***** Data shown *****
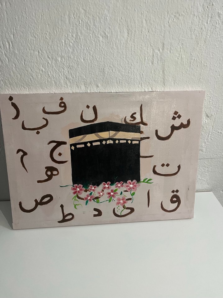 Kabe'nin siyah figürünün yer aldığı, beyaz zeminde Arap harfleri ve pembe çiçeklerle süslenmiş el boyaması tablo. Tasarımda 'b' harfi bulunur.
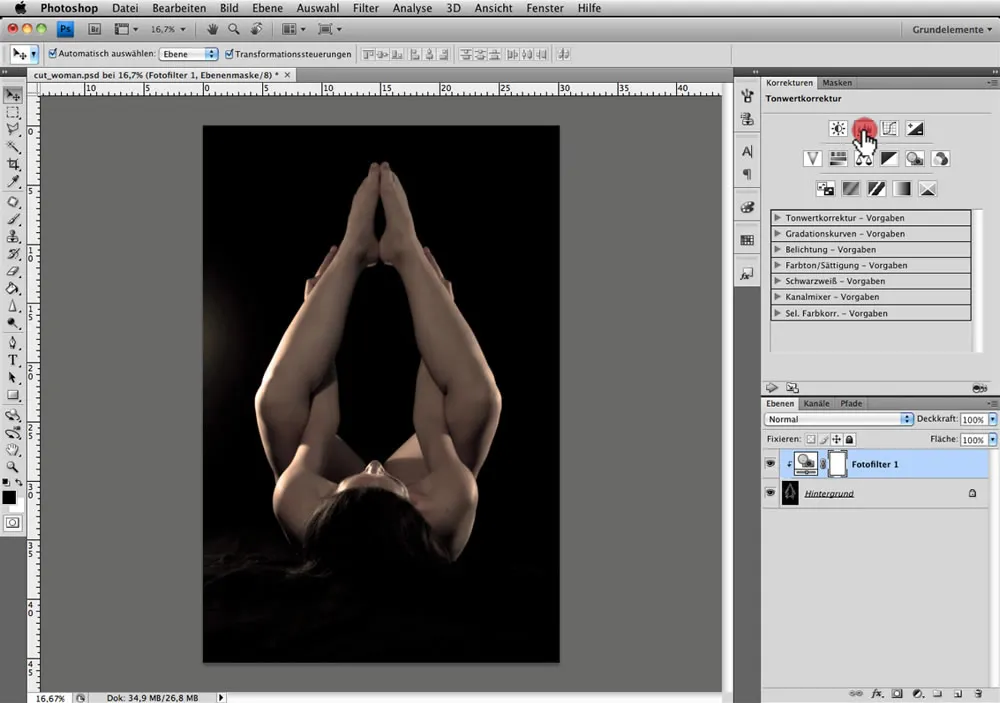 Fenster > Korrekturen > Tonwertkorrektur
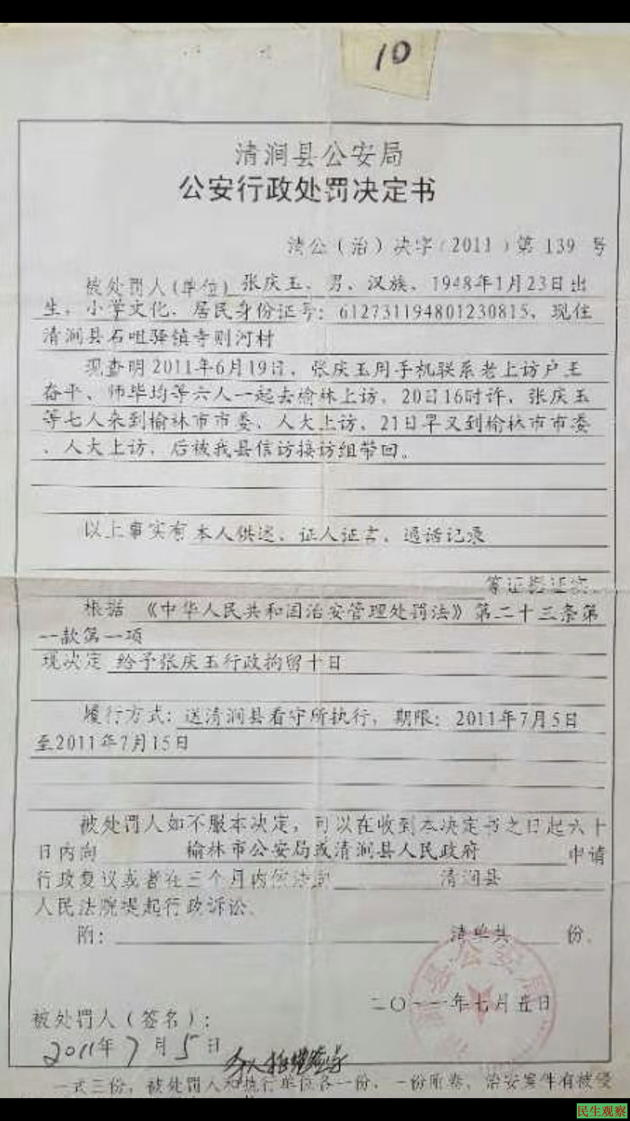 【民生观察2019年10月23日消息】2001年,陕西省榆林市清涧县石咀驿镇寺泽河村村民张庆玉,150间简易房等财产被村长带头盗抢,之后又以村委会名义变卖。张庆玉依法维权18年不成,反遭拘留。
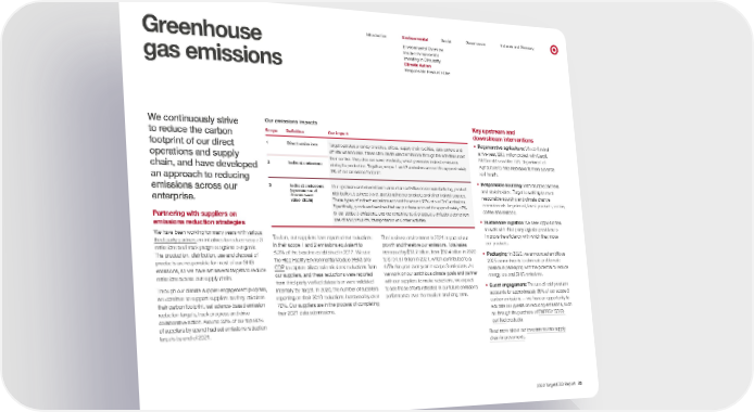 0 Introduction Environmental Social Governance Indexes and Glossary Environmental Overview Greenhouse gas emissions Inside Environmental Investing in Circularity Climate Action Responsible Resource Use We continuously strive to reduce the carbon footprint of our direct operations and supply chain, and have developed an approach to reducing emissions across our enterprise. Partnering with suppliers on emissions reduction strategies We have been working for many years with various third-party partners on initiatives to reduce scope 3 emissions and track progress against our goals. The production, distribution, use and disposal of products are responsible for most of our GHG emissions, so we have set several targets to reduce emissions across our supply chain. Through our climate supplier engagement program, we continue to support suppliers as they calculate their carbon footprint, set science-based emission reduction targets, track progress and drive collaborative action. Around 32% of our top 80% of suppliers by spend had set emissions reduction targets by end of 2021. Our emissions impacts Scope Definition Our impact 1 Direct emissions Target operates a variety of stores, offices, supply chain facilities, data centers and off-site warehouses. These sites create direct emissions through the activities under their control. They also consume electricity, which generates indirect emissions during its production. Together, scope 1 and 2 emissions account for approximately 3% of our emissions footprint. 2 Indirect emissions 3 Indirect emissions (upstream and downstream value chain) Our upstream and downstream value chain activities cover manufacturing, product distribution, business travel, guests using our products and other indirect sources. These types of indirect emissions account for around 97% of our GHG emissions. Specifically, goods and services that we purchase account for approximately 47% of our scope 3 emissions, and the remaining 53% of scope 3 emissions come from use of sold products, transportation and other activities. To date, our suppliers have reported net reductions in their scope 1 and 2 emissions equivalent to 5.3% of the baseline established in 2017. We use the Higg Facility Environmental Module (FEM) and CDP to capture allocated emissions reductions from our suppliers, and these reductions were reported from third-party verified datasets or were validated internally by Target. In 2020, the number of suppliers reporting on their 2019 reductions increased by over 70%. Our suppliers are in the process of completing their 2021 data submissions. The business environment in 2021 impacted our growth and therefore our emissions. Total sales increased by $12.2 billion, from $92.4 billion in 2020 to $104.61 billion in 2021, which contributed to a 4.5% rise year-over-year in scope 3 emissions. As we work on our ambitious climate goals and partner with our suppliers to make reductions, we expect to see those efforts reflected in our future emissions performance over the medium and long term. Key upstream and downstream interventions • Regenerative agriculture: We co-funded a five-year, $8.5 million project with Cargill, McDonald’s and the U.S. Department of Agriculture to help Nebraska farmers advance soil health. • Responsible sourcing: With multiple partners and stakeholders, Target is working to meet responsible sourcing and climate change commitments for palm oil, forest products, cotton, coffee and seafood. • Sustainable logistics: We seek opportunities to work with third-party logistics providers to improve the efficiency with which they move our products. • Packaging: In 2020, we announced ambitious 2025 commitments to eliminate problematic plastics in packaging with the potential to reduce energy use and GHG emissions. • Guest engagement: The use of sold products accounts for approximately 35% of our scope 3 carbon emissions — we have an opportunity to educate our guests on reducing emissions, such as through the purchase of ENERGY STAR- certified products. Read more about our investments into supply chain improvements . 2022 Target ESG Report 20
*****
Exercise objective -> Repeat the listing above word for word. Do not include the pictures.

Expected output ->
 Kabe'nin siyah figürünün yer aldığı, beyaz zeminde Arap harfleri ve pembe çiçeklerle süslenmiş el boyaması tablo. Tasarımda 'b' harfi bulunur.
 Fenster > Korrekturen > Tonwertkorrektur
 【民生观察2019年10月23日消息】2001年,陕西省榆林市清涧县石咀驿镇寺泽河村村民张庆玉,150间简易房等财产被村长带头盗抢,之后又以村委会名义变卖。张庆玉依法维权18年不成,反遭拘留。
 0 Introduction Environmental Social Governance Indexes and Glossary Environmental Overview Greenhouse gas emissions Inside Environmental Investing in Circularity Climate Action Responsible Resource Use We continuously strive to reduce the carbon footprint of our direct operations and supply chain, and have developed an approach to reducing emissions across our enterprise. Partnering with suppliers on emissions reduction strategies We have been working for many years with various third-party partners on initiatives to reduce scope 3 emissions and track progress against our goals. The production, distribution, use and disposal of products are responsible for most of our GHG emissions, so we have set several targets to reduce emissions across our supply chain. Through our climate supplier engagement program, we continue to support suppliers as they calculate their carbon footprint, set science-based emission reduction targets, track progress and drive collaborative action. Around 32% of our top 80% of suppliers by spend had set emissions reduction targets by end of 2021. Our emissions impacts Scope Definition Our impact 1 Direct emissions Target operates a variety of stores, offices, supply chain facilities, data centers and off-site warehouses. These sites create direct emissions through the activities under their control. They also consume electricity, which generates indirect emissions during its production. Together, scope 1 and 2 emissions account for approximately 3% of our emissions footprint. 2 Indirect emissions 3 Indirect emissions (upstream and downstream value chain) Our upstream and downstream value chain activities cover manufacturing, product distribution, business travel, guests using our products and other indirect sources. These types of indirect emissions account for around 97% of our GHG emissions. Specifically, goods and services that we purchase account for approximately 47% of our scope 3 emissions, and the remaining 53% of scope 3 emissions come from use of sold products, transportation and other activities. To date, our suppliers have reported net reductions in their scope 1 and 2 emissions equivalent to 5.3% of the baseline established in 2017. We use the Higg Facility Environmental Module (FEM) and CDP to capture allocated emissions reductions from our suppliers, and these reductions were reported from third-party verified datasets or were validated internally by Target. In 2020, the number of suppliers reporting on their 2019 reductions increased by over 70%. Our suppliers are in the process of completing their 2021 data submissions. The business environment in 2021 impacted our growth and therefore our emissions. Total sales increased by $12.2 billion, from $92.4 billion in 2020 to $104.61 billion in 2021, which contributed to a 4.5% rise year-over-year in scope 3 emissions. As we work on our ambitious climate goals and partner with our suppliers to make reductions, we expect to see those efforts reflected in our future emissions performance over the medium and long term. Key upstream and downstream interventions • Regenerative agriculture: We co-funded a five-year, $8.5 million project with Cargill, McDonald’s and the U.S. Department of Agriculture to help Nebraska farmers advance soil health. • Responsible sourcing: With multiple partners and stakeholders, Target is working to meet responsible sourcing and climate change commitments for palm oil, forest products, cotton, coffee and seafood. • Sustainable logistics: We seek opportunities to work with third-party logistics providers to improve the efficiency with which they move our products. • Packaging: In 2020, we announced ambitious 2025 commitments to eliminate problematic plastics in packaging with the potential to reduce energy use and GHG emissions. • Guest engagement: The use of sold products accounts for approximately 35% of our scope 3 carbon emissions — we have an opportunity to educate our guests on reducing emissions, such as through the purchase of ENERGY STAR- certified products. Read more about our investments into supply chain improvements . 2022 Target ESG Report 20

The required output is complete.